Saturday, January 28, 2012
Miss Bala (2011)
Miss Bala (2011)
Dir. Gerardo Naranjo
3 out of 5
Pitched somewhere in between exploitation and urgent social commentary, the Mexican crime thriller Miss Bala builds upon the dispatches from the last half-decade's drug cartel wars to tell a story about collateral damage. As the struggle for control of the lucrative narcotics trade wends its way along the U.S.-Mexico border, a willowy Tijuana beauty (Stephanie Sigman) of modest means dreams of stardom, skipping out on familial obligations to attend an audition for the Miss Baja California pageant. Her youthful idyll is violently interrupted after she witnesses a nightclub massacre by a particularly ruthless drug gang, whose leader (Noe Hernandez) spies an opportunity to use Sigman's striking looks as a shield for increasingly dangerous criminal activity. Loosely based on an incident involving a real Mexican beauty queen, the film dabs an unrelentingly bleak story with generous dollops of pulp.
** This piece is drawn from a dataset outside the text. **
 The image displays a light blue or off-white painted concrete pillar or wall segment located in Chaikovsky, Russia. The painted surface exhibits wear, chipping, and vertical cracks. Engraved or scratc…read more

Whether in the film's explosively swift and brutal firefights or Sigman's unwilling ascent from driver to mule to bait for a prominent police official marked for a cartel hit, writer-director Gerardo Naranjo seems most interested in the surrender of control demanded by the narco-wars. Hernandez makes a big impression with his chilling performance, quietly monstrous and nihilistic. Even in the softest of threats he commands obedience, and Sigman has no choice but to comply. Her character projects a crushing despair that underlines the cruel coincidence of her condition. She painfully realizes that the entire game is rigged and no help is on the way. Every cop in Tijuana appears as corrupt as the one who delivers her to the cartel when she tries to file a report on the nightclub shooting, and results-oriented DEA agents can't tell her apart from the willing accomplices. Sigman allows herself to smile only once, when trying on gowns for the Miss Baja pageant that the cartel fixes in her favor, but it's a sad, pitiful reminder of a dream perverted.
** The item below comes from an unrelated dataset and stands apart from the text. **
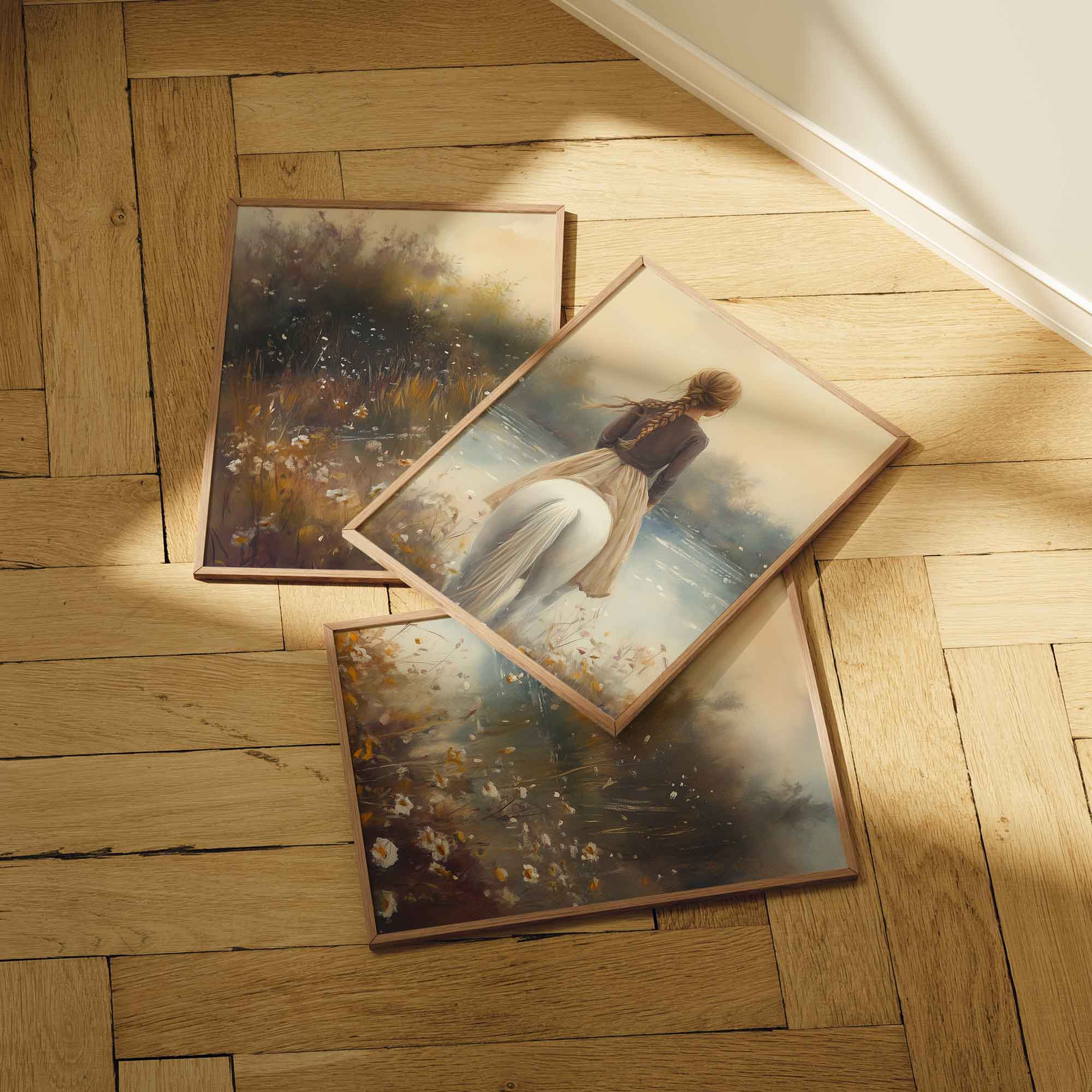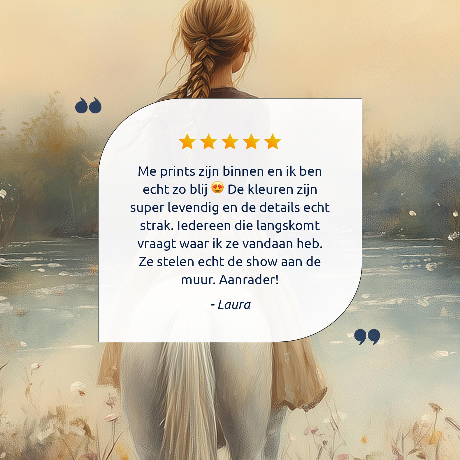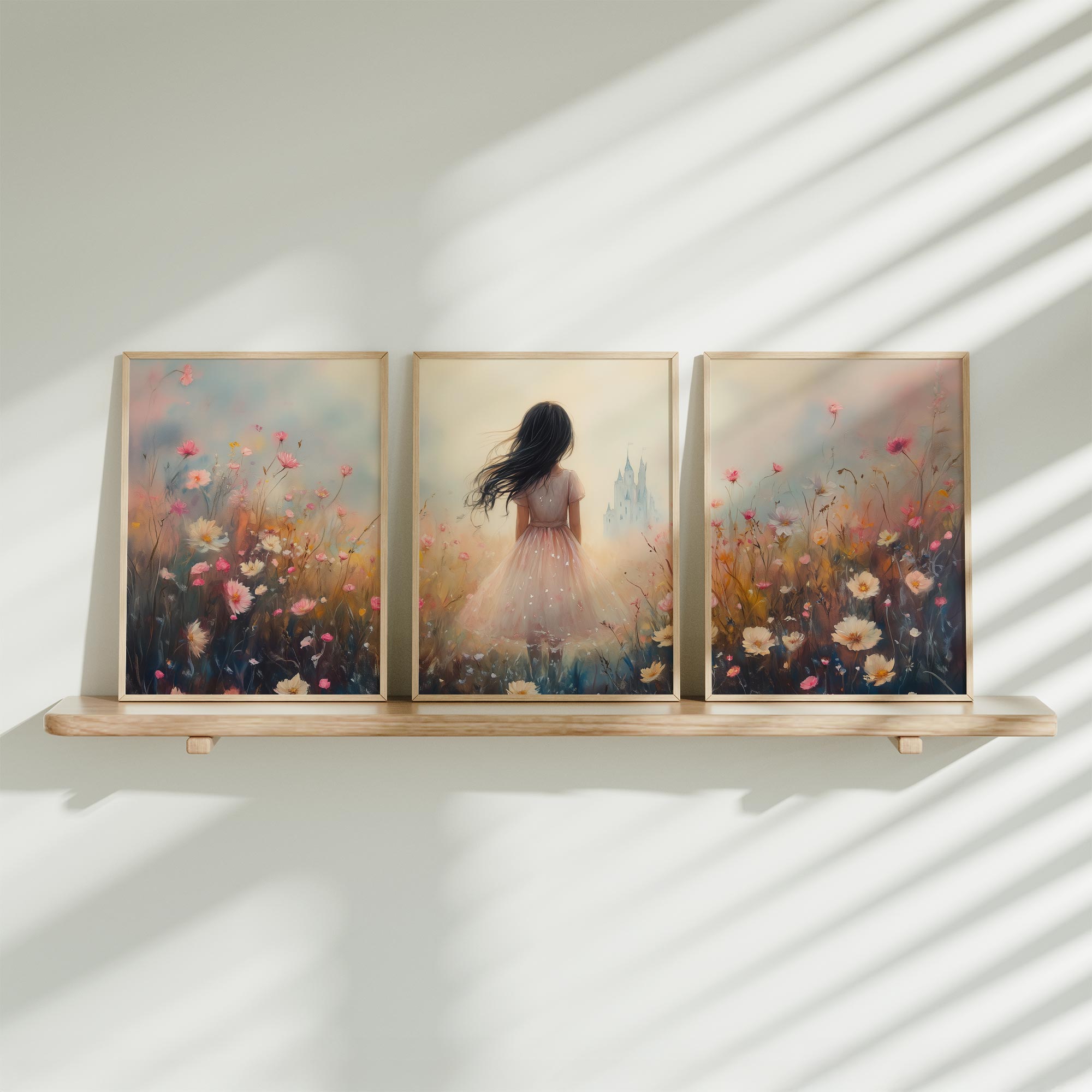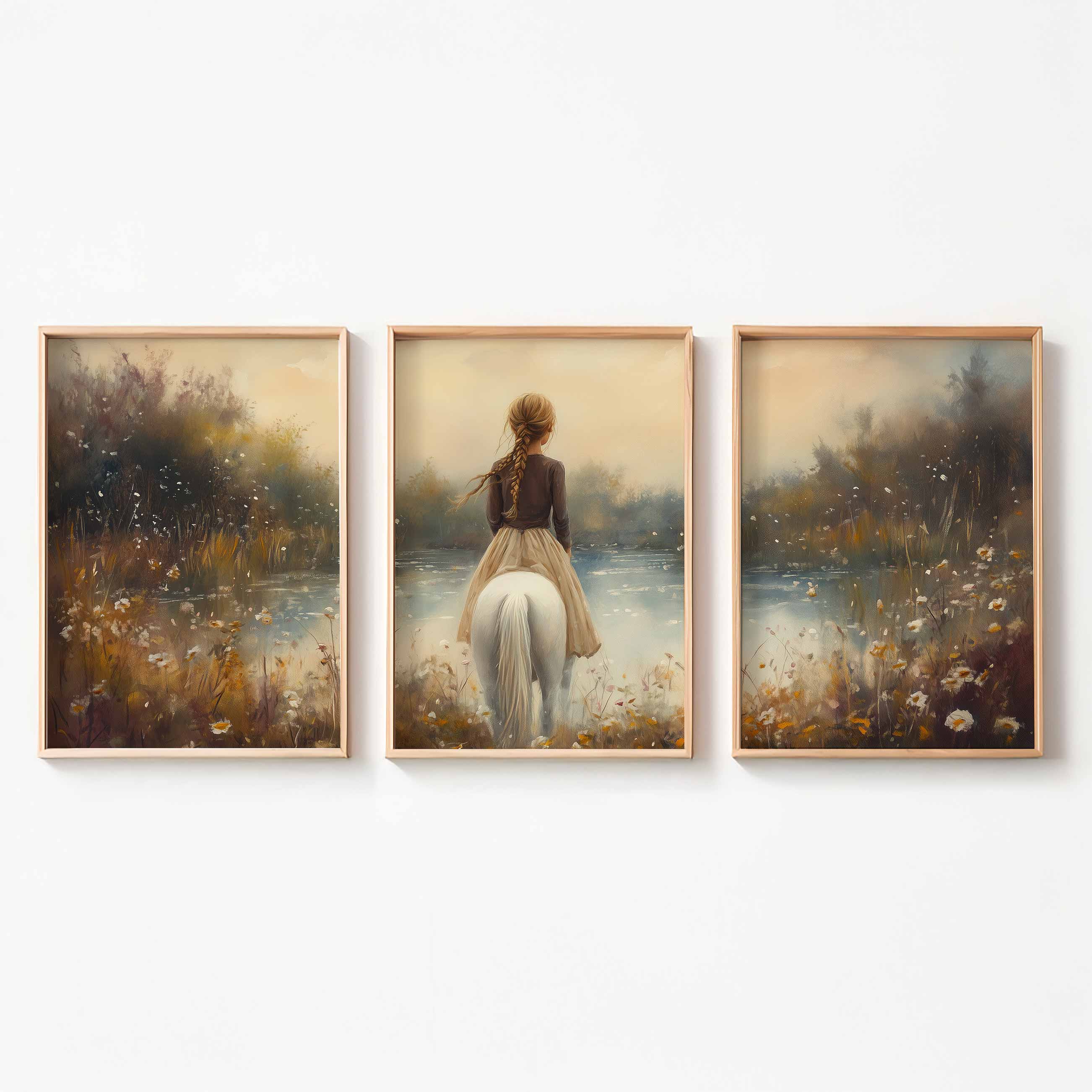 Terug naar collectie Posters Betoverend Meisje op Wit Paard in Bloemenveld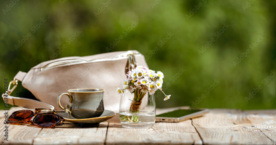 Feminine Accessories on Rustic Wooden Table in Sunny Garden – Purse, Flowers, and Smartphone in blurred natural garden background. Copy space for Mother's Day, Women's Day, fashion, lifestyle designs.

However, the pageant subplot fails to disguise the fact that Sigman's character is essentially just a backstory with an eternally terrified expression. She's a cipher for the filmmaker to re-enact pieces of the media hysteria surrounding the drug wars. Through her we more easily comprehend the terrible, exploitative nature of the cartels, but her story doesn't give much more insight than you might find in a typical newspaper article. There's also too much dead air in a film that's so preoccupied with the sensual and sensational. Naranjo lets scenes drag on in silence and exhausts the audience with attempts to create formal distance, such as blocking his actors deep within the frame and following Sigman with the ubiquitous Darren Aronofsky back-of-the-head tracking shot (as if her character needed to be any more faceless). The combination of grim realism and stylish artifice does work intermittently. The film gets its title from the Spanish slang word for "bullet," and Naranjo displays his impressive action chops in a handful of thrilling sequences. But while its visceral appeal is impossible to ignore, the movie's style keeps getting in the way of its latent substance. Miss Bala's beauty is, unfortunately, only skin deep.